Now you say, not Francis.
Today Explained.
Good job. So the COVID funding from the federal government is ending as of today.
So now we're going back to pre-COVID funding for a lot of stuff.
Not to say that we haven't, you know, reached a point in the pandemic where hospitalizations and deaths are in a way better place than they were.
They are. We are probably at the lowest point for
hospitalizations and deaths that we've been for almost the entire pandemic.
So tell me what changes immediately and how are we going to notice those changes?
One of the biggest changes is going to be that COVID-related testing and vaccination and
treatment, instead of being paid for out of the big U.S.
government bucket that was paying for it, those are going to get shifted to insurance payments.
So that means that Medicare and Medicaid are going to pay for those things, sort of,
for the people who are on those types of insurance. And when I say sort of, I mean,
like, Medicare is going to pay for a lot of this stuff for its beneficiaries,
but people who get Medicaid,
there's going to be some state-by-state differences
in what gets paid for and how much.
People who are on private insurance,
everybody's going to have different rules
depending on what their insurance company
decides they want to cover
and how much of it they want to cover.
And then people who are paying out-of-pocket,
who are uninsured,
which is still something like 8% of Americans,
they're going to have to pay for everything out- pocket when it comes to COVID testing, COVID vaccinations, and COVID treatment.

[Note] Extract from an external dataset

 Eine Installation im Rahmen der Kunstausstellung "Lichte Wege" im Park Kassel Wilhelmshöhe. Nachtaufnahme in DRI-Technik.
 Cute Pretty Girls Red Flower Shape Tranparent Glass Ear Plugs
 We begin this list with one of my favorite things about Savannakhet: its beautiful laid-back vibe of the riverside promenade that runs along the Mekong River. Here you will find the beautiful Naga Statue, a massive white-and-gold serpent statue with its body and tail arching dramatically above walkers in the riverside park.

Another big change is that something that was implemented to keep people from being uninsured during COVID, that measure is going to expire.

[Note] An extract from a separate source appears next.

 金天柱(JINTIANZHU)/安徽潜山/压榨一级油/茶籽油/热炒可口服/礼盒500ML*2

And that measure was this sort of
Medicaid auto renewal. So people who qualified for Medicaid, instead of having to requalify
every year like they had before the pandemic, they were allowed to just kind of stay on Medicaid.
Now that's going to change. It's going to go back to the way it was where states have to kind of
re-approve everybody who applies for Medicaid every year. That means a number of things. It
means, number one, that there are going to be gaps in people's coverage, which we know translate to
people not getting the care they need and sometimes incurring debt, even if that sometimes
gets paid for afterward. It often really discourages people from getting care when they're not covered.
So basically, anything that the federal government was paying for, if you could assume the federal
government was paying for it, if money was falling out of the sky to help this pandemic, it's drying up.
That's it.
That's it.
For what it means for the COVID public about what we got wrong. What did we really get right in the United States?
Yeah, it's definitely easier to start with what we got right
because it's a much shorter list.
Ouch.
Sorry, facts.
So I think the resounding victory here was warp speed.
Warp one, Mr. Soudam. Warp one, sir.
Which was the enormous infusion of billions of dollars
into developing, testing, and deploying a vaccine for COVID.
This was the former president, right?
Yes, that man helped get that into progress.
And he really made that happen, along with a lot of other people who knew it needed to happen.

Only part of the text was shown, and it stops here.